I'm also adapting this design for my purposes... won't be as nice as Suzy's implementation, but I also don't need ultra-low-drift for my application. I've got other power supplies for that.

What my challenge is going to be is to get a PAIR of 70V 8A power supplies into a single 2U enclosure. I've got a pair of heatsinks and a chassis from a Crest CA9, so we'll see how successful I really am. I think I also have a couple of 2U HP server fans for it too.

In any case, I strongly recommend using a transformer tap-switching system for something like this, otherwise the amount of heat being dissipated gets insane. A buck converter as a pre-regulator is better, but also more complicated to implement.

No reason you couldn't use lateral FETs for this, and I suspect you could get the current sharing worked out. The bigger issue is that they're (IMO) way too expensive for a power supply.
 
Yeah, the expense doesn't worry me.

A. They were bought and paid for long ago, so they are effectively free.
B. As a result, it would be more expensive (for me) to buy something else for the job.
C. I have built the amps I bought them for, plus spares for those, as well as some set aside to build Juma's SuSy BF862->OPA1632->Laterals circlotron, as I find that schematic intriguing and then some left over.
D. Moving forward I can't see myself building too many high powered Class A/B amps, as i'm using digital XO and thus it calls for multichannel/ lower individual power-amps.

Got plenty of verticals too, but nothing as beefy as the ALFETs and I suspect they would be more of a PITA to get right, so I figure the time saved its worthwhile by itself.

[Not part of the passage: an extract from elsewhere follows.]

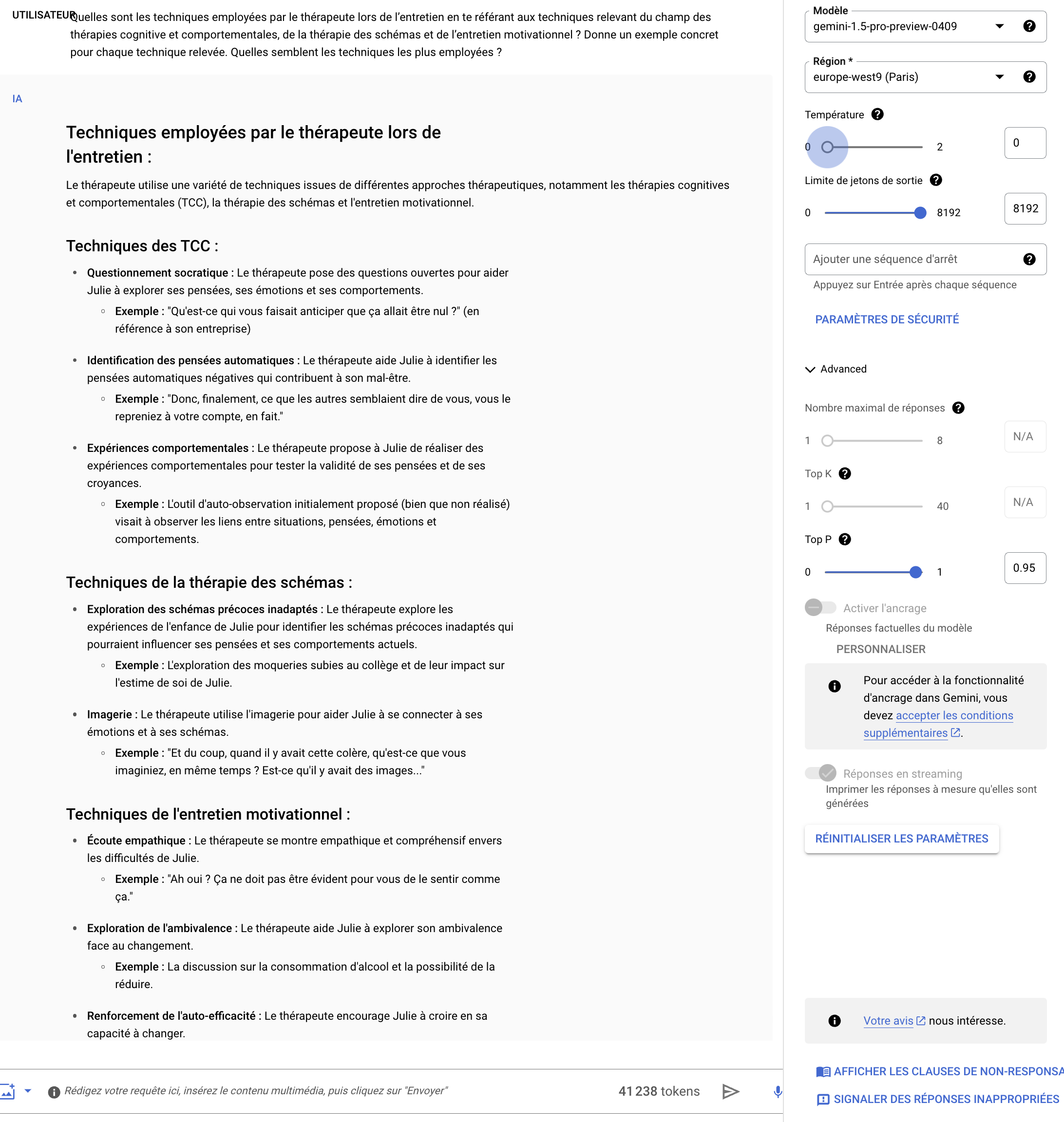 Capture d'écran de la réponseVoici une analyse des techniques employées par le thérapeute lors de l'entretien, en se référant aux champs des thérapies cognitives et comportementales (TCC), de la thérapie des schémas et de l'entretien motivationnel :
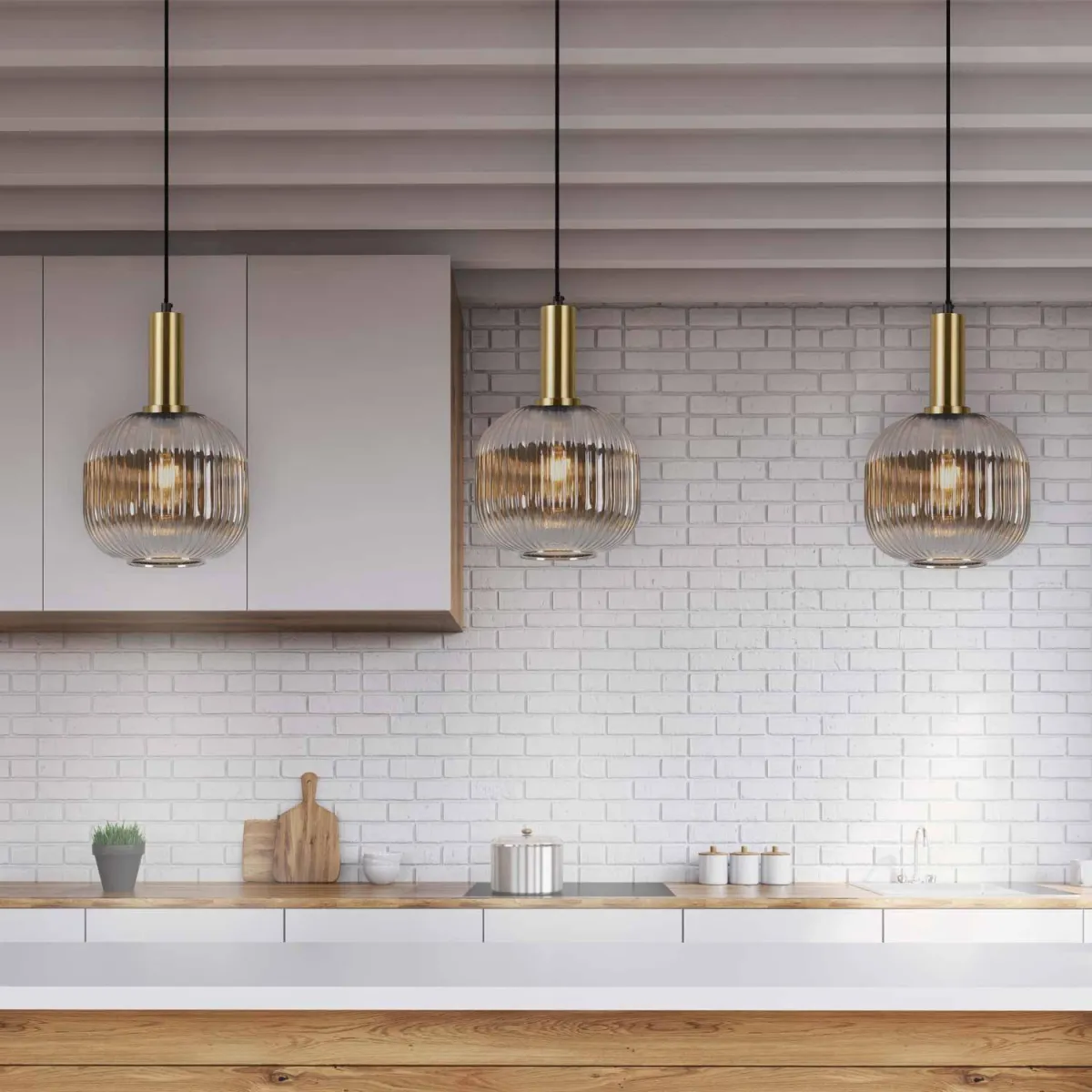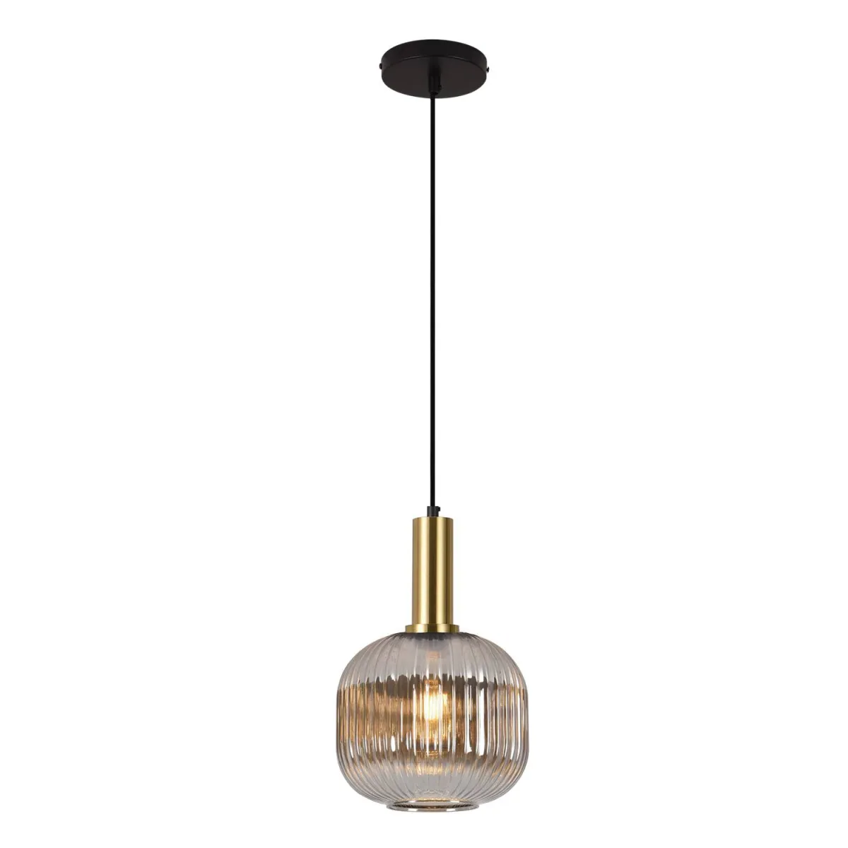 La lampe suspendue Kyle Fumé 1 lumière allie design moderne et élégance, avec une structure en acier peint en or et un abat-jour fumé qui apporte de la chaleur à n'importe quel environnement.

I dont have a lot of experience with high powered Bipolars, always favoring FETs in my amps, so dont have any stock to draw on.

Yes, I was looking at the various ways of lowering losses for lower VOUT. Since I will likely be running an active bridge, perhaps I can switch the secondaries between series/parallel that way, vs normal relays. Perhaps i'll treat it as a proof of concept for such a design for my amps, allowing lower rails for lower power when the volume is low. The Buck convertor angle is something for another day.